Stored dataset items:
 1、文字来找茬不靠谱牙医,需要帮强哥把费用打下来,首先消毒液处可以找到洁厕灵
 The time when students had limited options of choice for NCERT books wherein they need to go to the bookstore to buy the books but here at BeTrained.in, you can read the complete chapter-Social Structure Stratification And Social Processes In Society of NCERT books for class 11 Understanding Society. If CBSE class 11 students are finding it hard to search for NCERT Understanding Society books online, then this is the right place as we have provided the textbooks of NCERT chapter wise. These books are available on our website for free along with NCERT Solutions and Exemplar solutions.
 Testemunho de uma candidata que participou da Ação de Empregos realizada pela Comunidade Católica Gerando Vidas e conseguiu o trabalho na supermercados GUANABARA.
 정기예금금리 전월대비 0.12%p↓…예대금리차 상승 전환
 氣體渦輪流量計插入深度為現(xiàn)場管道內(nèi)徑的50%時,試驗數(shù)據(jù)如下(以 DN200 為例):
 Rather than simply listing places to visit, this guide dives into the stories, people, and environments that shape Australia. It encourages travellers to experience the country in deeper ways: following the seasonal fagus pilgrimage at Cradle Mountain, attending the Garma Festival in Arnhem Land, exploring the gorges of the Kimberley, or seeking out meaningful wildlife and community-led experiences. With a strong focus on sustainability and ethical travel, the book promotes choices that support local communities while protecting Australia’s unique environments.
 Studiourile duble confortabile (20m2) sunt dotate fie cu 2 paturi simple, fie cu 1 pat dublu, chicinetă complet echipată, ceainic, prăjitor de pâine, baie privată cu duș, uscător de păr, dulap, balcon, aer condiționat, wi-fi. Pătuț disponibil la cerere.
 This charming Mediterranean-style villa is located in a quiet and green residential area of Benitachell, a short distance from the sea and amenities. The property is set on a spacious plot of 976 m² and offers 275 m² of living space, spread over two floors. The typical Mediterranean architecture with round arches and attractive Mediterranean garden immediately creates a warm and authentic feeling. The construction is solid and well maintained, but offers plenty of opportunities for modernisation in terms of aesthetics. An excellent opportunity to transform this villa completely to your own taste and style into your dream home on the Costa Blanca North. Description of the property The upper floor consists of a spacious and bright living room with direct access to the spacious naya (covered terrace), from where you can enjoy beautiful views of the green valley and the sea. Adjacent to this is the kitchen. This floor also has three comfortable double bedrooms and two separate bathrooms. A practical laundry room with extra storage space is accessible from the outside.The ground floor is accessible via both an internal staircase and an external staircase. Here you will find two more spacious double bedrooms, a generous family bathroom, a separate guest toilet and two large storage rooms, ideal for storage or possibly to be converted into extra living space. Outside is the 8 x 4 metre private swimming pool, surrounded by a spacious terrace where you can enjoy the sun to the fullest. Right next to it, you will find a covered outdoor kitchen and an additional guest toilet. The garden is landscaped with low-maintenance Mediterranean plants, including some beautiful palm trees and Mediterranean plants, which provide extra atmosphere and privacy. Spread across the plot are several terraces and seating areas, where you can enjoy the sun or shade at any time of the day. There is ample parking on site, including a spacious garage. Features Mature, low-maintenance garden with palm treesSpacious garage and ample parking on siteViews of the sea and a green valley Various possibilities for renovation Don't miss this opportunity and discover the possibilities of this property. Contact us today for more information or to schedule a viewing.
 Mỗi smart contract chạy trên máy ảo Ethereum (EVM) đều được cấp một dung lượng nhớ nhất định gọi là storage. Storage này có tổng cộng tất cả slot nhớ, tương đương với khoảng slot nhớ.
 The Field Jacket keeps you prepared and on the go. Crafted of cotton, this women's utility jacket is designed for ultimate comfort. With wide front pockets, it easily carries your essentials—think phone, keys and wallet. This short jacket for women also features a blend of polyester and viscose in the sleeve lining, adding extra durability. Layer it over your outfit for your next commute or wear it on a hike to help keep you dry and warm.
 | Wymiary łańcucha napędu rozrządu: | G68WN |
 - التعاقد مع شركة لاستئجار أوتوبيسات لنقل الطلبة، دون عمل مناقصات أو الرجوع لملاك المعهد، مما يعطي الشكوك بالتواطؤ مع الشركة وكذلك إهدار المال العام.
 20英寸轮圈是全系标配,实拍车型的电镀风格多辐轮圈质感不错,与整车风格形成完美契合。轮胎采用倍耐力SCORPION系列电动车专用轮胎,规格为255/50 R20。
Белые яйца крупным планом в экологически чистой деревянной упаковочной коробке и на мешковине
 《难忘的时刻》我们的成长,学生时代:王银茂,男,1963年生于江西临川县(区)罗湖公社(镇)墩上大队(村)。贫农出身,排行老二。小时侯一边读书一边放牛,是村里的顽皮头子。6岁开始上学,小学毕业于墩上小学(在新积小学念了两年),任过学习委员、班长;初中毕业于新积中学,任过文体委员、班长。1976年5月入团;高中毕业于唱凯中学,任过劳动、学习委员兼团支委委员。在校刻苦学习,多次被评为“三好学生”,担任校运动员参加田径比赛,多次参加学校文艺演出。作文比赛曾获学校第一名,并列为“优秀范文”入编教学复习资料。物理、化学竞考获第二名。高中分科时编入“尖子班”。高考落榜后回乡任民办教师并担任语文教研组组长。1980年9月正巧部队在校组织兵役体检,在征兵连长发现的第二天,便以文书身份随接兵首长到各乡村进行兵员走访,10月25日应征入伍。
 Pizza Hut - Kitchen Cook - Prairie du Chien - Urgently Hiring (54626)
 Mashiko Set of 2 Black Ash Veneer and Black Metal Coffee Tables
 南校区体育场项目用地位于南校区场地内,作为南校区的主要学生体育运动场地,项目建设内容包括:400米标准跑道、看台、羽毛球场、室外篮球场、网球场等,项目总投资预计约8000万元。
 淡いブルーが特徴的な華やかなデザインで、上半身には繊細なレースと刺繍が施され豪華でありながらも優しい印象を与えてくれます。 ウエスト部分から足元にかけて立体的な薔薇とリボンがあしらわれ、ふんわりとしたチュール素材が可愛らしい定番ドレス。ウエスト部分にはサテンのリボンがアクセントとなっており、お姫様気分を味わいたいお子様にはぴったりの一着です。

WHAT YOU SHOULD DO »
Using the records above, set down exactly the lines from the one with "정기예금금리 전월대비 0.12%p↓…예대금리차 상승 전환" through the one with "Studiourile duble confortabile", inclusive, and nothing more.

EXERCISE SOLUTION »
 정기예금금리 전월대비 0.12%p↓…예대금리차 상승 전환
 氣體渦輪流量計插入深度為現(xiàn)場管道內(nèi)徑的50%時,試驗數(shù)據(jù)如下(以 DN200 為例):
 Rather than simply listing places to visit, this guide dives into the stories, people, and environments that shape Australia. It encourages travellers to experience the country in deeper ways: following the seasonal fagus pilgrimage at Cradle Mountain, attending the Garma Festival in Arnhem Land, exploring the gorges of the Kimberley, or seeking out meaningful wildlife and community-led experiences. With a strong focus on sustainability and ethical travel, the book promotes choices that support local communities while protecting Australia’s unique environments.
 Studiourile duble confortabile (20m2) sunt dotate fie cu 2 paturi simple, fie cu 1 pat dublu, chicinetă complet echipată, ceainic, prăjitor de pâine, baie privată cu duș, uscător de păr, dulap, balcon, aer condiționat, wi-fi. Pătuț disponibil la cerere.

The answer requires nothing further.